In my exploratory analysis, I am currently using Gaussian Mixture Model to exclude outliers by plotting the contour plot for each phone model (a total of 4 unique models). I am using these 2 variables (r_max
, b_max
) to detect whether a point is an outlier.
This is my dataset (180 rows, 4 columns):
r_max | b_max | SPAD | model
255.0 | 46.0 | 35.1 | Redmi 5A
198.0 | 36.0 | 32.5 | Vivo 1820
237.0 | 77.0 | 35.8 | CPH1920
255.0 | 79.0 | 30.1 | SM-M105F
This is my code to create a contour plot:
for ph in final_df.model.unique():
dataf = final_df[final_df.model==ph]
dataf = dataf[['r_max', 'b_max', 'SPAD', 'model']]

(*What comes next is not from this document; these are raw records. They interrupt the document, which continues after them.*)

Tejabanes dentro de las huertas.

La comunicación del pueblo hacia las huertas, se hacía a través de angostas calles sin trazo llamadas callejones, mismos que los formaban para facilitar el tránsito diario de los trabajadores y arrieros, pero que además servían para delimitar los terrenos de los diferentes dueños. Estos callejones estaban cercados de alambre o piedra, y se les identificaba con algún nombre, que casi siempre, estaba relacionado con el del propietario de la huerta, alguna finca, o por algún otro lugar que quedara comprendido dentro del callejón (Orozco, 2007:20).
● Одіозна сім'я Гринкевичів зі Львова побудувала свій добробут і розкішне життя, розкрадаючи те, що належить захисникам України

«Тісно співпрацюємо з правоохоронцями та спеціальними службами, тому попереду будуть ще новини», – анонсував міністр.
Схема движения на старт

dataf = dataf[['r_max', 'b_max']].values
#dataf = np.array(dataf).reshape(-1,1)
# fit gaussian mixture model
gmm = mixture.GaussianMixture()
gmm.fit(dataf)
X, Y = np.meshgrid(np.linspace(0, 300), np.linspace(0, 300))

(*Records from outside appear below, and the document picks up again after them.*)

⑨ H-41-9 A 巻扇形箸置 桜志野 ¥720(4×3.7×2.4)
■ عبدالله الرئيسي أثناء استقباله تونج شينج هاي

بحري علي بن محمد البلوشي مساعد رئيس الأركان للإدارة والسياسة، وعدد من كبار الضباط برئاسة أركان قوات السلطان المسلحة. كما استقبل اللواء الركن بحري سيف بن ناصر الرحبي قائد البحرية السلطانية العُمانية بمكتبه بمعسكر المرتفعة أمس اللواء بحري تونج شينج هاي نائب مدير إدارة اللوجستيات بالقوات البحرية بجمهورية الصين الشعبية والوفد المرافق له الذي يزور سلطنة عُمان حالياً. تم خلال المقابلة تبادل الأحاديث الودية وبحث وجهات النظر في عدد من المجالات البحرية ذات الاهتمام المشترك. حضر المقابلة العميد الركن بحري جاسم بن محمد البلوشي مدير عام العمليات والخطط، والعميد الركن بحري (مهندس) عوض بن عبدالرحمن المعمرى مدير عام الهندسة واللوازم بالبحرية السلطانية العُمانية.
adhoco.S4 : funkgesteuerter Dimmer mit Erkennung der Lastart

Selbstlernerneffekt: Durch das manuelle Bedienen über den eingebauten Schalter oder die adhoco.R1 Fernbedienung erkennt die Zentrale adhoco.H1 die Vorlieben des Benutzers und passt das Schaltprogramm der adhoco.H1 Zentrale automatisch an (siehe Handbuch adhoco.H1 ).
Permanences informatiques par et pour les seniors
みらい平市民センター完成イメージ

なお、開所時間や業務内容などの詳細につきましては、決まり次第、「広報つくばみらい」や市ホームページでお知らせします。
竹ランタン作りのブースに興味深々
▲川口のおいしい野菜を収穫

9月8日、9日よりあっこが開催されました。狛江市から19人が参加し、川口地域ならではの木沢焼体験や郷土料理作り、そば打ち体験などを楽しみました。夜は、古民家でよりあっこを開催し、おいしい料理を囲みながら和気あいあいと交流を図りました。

XX = np.array([X.ravel(), Y.ravel()]).T
Z = gmm.score_samples(XX)
Z = Z.reshape(X.shape)
CS = plt.contour(X, Y, -Z, norm=LogNorm(vmax=500), levels=np.logspace(0, 3, 10))
CB = plt.colorbar(CS, shrink= 1.0, extend = 'both')

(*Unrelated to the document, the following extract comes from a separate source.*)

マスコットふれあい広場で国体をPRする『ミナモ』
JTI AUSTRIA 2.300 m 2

plt.scatter(dataf[:,0], dataf[:,1], marker = "x", cmap='viridis')
plt.title(f"{ph} : r_max vs b_max")
#ax.set_title(f"{feats[idx]} vs SPAD")
plt.show()
I can create the plots for all models except CPH1920. In this line:
CS = plt.contour(X, Y, -Z, norm=LogNorm(vmax=500), levels=np.logspace(0, 3, 10))
I get this error:
ValueError: min value must be less than or equal to max value
Example of output i get for Redmi 5A:
I'm not sure if I am understanding it correctly, but the points outside the purple circle are outliers right?
Next question, how do I extract which data points are the outliers? I would like to know which points are considered outliers, so I can exclude them in my dataset for EDA. Is there some way to calculate the probability of each point being an outlier then set a threshold if >0.5 is an outlier?
Hoping someone can lend some help here, any help is appreciated!